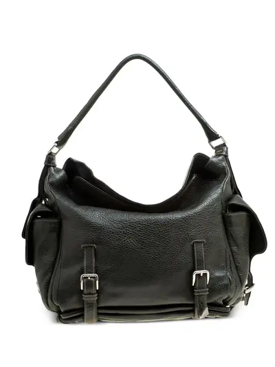 dark green leather/canvas single top handle flap pockets buckle detailing Condition: GOOD. This previously owned and used item is in good condition with minimal signs of use. This may include fading of material or plating and scratches.
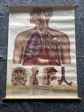 Vintage Canvas Schick Medical Roll Up Poster Chart Respiratory System 1945
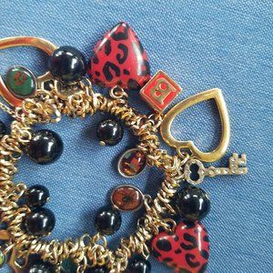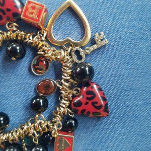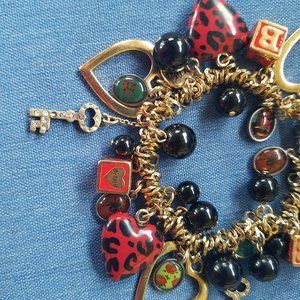 Gorgeous VINTAGE, RARE Charm Bracelet by Betsey Johnson. 3 Focal Charms are the Red & Black Lucite Heart Charms. Three Block Charms with "A"; "B"; "Betsey"; and "Johnson" on the sides. 3 Gold-tone open hearts. There are 3 Silver-tone Keys with Clear Stones (one key has one very tiny stone missing & another key has several Very Small clear stones missing -- they're so tiny I had to look through a magnifying glass to see if any were missing). There are 6 Oval Clear Lucite charms that have pictures behind the clear part - 2 spider charms; 1 floral charm; 1 skull & crossbones charm; 1 lips charm; 1 red & black charm. Many small and larger black Baubles on the Charm Bracelet. Charm Bracelet is loaded with Charms & looks Great on the Wrist. Gold-tone & silver-tone Hardware. Iconic "BJ" Gold-tone Heart Charm present. Slip-on, full-stretch Charm Bracelet.
+ + + + + + +
### WORK REQUEST
Omitting the images, copy the listing exactly.

### OUTPUT FOR THIS TASK
 dark green leather/canvas single top handle flap pockets buckle detailing Condition: GOOD. This previously owned and used item is in good condition with minimal signs of use. This may include fading of material or plating and scratches.
 Vintage Canvas Schick Medical Roll Up Poster Chart Respiratory System 1945
 Gorgeous VINTAGE, RARE Charm Bracelet by Betsey Johnson. 3 Focal Charms are the Red & Black Lucite Heart Charms. Three Block Charms with "A"; "B"; "Betsey"; and "Johnson" on the sides. 3 Gold-tone open hearts. There are 3 Silver-tone Keys with Clear Stones (one key has one very tiny stone missing & another key has several Very Small clear stones missing -- they're so tiny I had to look through a magnifying glass to see if any were missing). There are 6 Oval Clear Lucite charms that have pictures behind the clear part - 2 spider charms; 1 floral charm; 1 skull & crossbones charm; 1 lips charm; 1 red & black charm. Many small and larger black Baubles on the Charm Bracelet. Charm Bracelet is loaded with Charms & looks Great on the Wrist. Gold-tone & silver-tone Hardware. Iconic "BJ" Gold-tone Heart Charm present. Slip-on, full-stretch Charm Bracelet.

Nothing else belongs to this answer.